**TASK REQUIREMENTS**
Return the data below exactly, stopping after the line with "屋上では、桜の枝を持っての撮".

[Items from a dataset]
◇ ◇ ◇

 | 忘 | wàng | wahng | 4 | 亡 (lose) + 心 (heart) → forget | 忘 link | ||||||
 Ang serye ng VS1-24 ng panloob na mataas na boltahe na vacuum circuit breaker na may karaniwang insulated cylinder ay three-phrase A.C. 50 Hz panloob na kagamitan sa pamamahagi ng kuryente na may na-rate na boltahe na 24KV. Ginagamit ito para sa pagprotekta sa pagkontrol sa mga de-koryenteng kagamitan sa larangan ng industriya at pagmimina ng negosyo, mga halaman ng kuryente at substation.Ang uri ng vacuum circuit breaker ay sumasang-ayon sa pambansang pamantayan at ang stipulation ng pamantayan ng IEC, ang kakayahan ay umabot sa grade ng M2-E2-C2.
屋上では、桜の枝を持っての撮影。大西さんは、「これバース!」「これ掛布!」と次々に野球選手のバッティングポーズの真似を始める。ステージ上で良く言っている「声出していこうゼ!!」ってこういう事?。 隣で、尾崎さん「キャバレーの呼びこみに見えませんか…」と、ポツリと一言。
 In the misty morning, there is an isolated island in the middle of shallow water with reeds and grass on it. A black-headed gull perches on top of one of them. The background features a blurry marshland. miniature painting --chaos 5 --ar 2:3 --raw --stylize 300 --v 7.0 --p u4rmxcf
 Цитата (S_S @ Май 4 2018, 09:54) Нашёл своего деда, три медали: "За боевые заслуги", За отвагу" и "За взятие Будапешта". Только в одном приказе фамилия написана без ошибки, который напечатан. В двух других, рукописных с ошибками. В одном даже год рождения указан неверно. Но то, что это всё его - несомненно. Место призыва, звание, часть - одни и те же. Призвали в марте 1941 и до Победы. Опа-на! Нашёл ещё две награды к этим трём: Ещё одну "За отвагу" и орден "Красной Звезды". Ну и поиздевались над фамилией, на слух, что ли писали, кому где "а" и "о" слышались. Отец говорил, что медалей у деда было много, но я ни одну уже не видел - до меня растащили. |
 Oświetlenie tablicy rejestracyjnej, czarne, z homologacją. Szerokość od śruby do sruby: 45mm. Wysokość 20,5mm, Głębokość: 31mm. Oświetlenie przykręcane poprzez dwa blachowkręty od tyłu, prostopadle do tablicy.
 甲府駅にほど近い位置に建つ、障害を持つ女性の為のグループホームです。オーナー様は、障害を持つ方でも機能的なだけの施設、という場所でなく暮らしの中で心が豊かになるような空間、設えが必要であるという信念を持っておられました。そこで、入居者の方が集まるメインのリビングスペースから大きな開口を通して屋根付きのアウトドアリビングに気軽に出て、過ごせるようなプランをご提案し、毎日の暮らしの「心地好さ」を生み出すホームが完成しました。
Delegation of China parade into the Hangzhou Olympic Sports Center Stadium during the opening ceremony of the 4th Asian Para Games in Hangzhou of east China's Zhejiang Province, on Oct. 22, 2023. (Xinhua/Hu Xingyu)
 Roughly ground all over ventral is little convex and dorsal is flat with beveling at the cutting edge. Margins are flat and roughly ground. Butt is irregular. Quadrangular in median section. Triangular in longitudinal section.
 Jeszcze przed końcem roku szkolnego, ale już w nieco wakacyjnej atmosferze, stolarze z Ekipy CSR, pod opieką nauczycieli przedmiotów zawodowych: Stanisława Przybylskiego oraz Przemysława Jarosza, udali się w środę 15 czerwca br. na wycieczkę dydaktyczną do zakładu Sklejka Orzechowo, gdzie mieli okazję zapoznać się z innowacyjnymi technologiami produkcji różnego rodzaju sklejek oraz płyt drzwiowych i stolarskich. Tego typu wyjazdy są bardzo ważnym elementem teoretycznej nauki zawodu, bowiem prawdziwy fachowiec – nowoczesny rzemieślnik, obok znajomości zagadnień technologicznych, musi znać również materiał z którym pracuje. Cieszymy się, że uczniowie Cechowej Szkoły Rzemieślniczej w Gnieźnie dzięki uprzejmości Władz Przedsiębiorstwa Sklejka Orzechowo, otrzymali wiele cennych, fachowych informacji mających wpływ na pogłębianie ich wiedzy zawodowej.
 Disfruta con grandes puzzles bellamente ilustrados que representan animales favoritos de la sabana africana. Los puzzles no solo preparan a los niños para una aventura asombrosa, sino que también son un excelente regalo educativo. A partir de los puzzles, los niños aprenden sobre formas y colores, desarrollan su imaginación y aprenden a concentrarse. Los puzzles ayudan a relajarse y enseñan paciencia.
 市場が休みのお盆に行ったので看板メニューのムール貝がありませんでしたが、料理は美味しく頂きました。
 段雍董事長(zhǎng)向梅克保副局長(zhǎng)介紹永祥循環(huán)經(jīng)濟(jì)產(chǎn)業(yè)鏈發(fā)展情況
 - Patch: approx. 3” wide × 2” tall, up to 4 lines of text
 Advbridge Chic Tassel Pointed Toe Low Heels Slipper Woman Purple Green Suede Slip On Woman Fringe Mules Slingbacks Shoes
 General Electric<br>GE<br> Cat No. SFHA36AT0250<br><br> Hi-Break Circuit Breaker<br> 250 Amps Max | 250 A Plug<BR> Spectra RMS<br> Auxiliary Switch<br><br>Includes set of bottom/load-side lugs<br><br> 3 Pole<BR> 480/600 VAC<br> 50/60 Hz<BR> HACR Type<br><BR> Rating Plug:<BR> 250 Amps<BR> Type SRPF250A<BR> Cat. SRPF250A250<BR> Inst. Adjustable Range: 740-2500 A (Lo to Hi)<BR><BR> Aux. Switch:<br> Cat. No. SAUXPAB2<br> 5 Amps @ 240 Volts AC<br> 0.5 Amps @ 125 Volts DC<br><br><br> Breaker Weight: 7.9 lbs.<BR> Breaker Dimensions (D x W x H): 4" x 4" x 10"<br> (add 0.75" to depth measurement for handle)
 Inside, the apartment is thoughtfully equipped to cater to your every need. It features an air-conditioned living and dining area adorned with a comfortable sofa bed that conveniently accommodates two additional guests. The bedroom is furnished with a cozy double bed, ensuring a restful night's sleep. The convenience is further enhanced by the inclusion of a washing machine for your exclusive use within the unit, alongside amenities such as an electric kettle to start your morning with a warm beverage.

◇ ◇ ◇

**SOLUTION**
 | 忘 | wàng | wahng | 4 | 亡 (lose) + 心 (heart) → forget | 忘 link | ||||||
 Ang serye ng VS1-24 ng panloob na mataas na boltahe na vacuum circuit breaker na may karaniwang insulated cylinder ay three-phrase A.C. 50 Hz panloob na kagamitan sa pamamahagi ng kuryente na may na-rate na boltahe na 24KV. Ginagamit ito para sa pagprotekta sa pagkontrol sa mga de-koryenteng kagamitan sa larangan ng industriya at pagmimina ng negosyo, mga halaman ng kuryente at substation.Ang uri ng vacuum circuit breaker ay sumasang-ayon sa pambansang pamantayan at ang stipulation ng pamantayan ng IEC, ang kakayahan ay umabot sa grade ng M2-E2-C2.
屋上では、桜の枝を持っての撮影。大西さんは、「これバース!」「これ掛布!」と次々に野球選手のバッティングポーズの真似を始める。ステージ上で良く言っている「声出していこうゼ!!」ってこういう事?。 隣で、尾崎さん「キャバレーの呼びこみに見えませんか…」と、ポツリと一言。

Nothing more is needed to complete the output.